In 1986, at the start of Perestroika (rebuilding), Thomas Neurath, the director of Thames and Hudson visited Moscow looking for 'unofficial' artists. He found and picked Savelev and in 1988, the monograph Secret City was published. This was the first book published in the West, by an unauthenticated photographer living in the Soviet Union. Up until 1988, all of the works that Savelev had exhibited were black and white prints, but he had been experimenting with colour photography since the early 1980s. When producing Secret City, Thames and Hudson selected a group of these colour photographs which had been taken using Orwachrome film. However, the poor quality of the colour and the additional problems of the lithographic reproduction failed to capture the complexity and density that the artist wanted to achieve. In 1987, he discovered Kodachrome film and all his colour work taken on film since that time has used Kodachrome. In the years following its publication most of Savelev's work has been an enquiry into colour photography. 
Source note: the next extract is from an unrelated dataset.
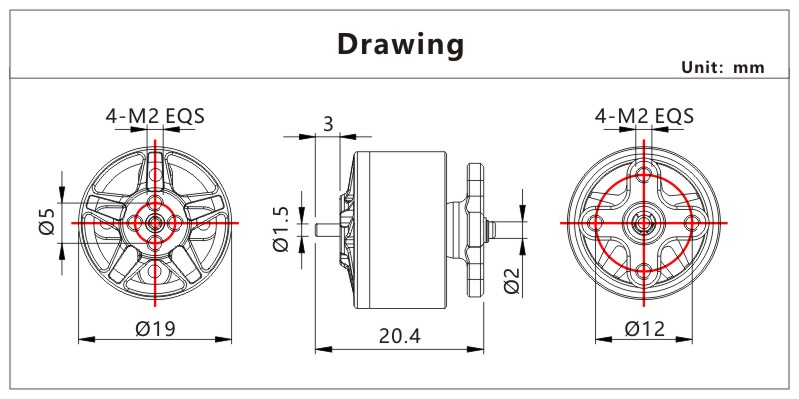 Ø1.5mm outlet shaft, all conventional propellers on the market can be adapted;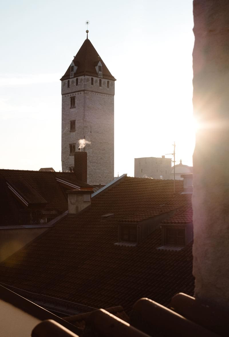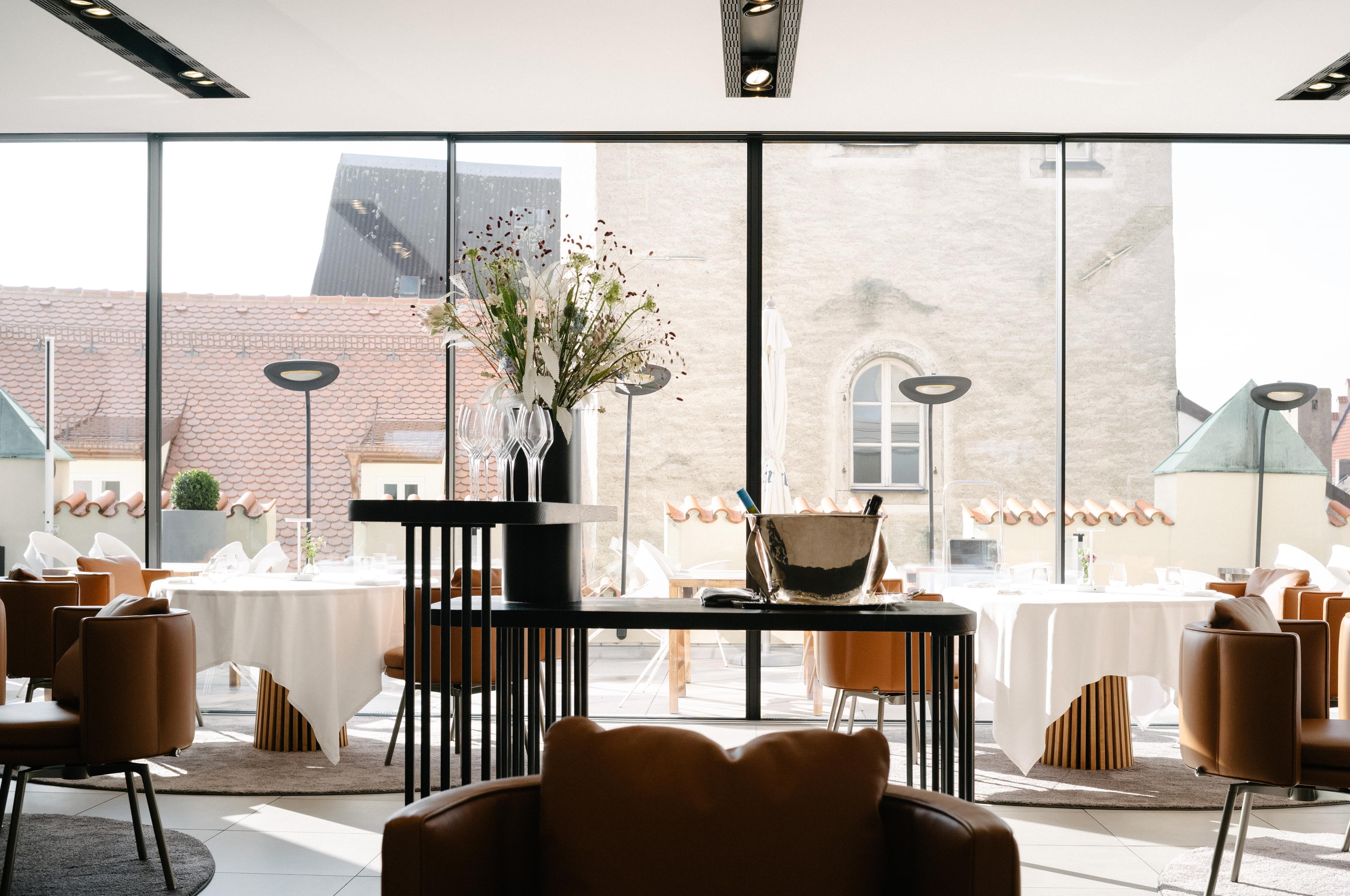 Scandinavian Fine Dining im fünften Stock einer mittelalterlichen Patrizierburg. Junge, akzentuierte Sterneküche in clean reduziertem Interieur. Draußen die mittelalterlichen Dächer. Drinnen: Großstädtisch. Kosmopolitisch. Aufregend.

Savelev began to use digital cameras in 2000, particularly enjoying working with the Leica Digilux 1, which bears similarities to film Kodachrome which he used during his analogue era. Savelev has not worked in Russia for over 12 years, and since 2022 has been living in exile in Spain to escape the conflict in Ukraine. Savelev works in collaboration with Factum Arte, developing his photographs with a digital method, creating multilayered prints on various background materials. Savelev uses his rich archive of film and digital photography to continue to sculpt his biography with his pictures. His photographs ark has earned him a place in major international collections worldwide, among them, the Corcoran Galley of Art in Washington D.C., the Museum of Modern Art in New York, the Staatsgalerie in Stuttgart, the Saarland Museum in Saarbrücken, Germany, the New Mexico Museum of Fine Arts in Santa Fe.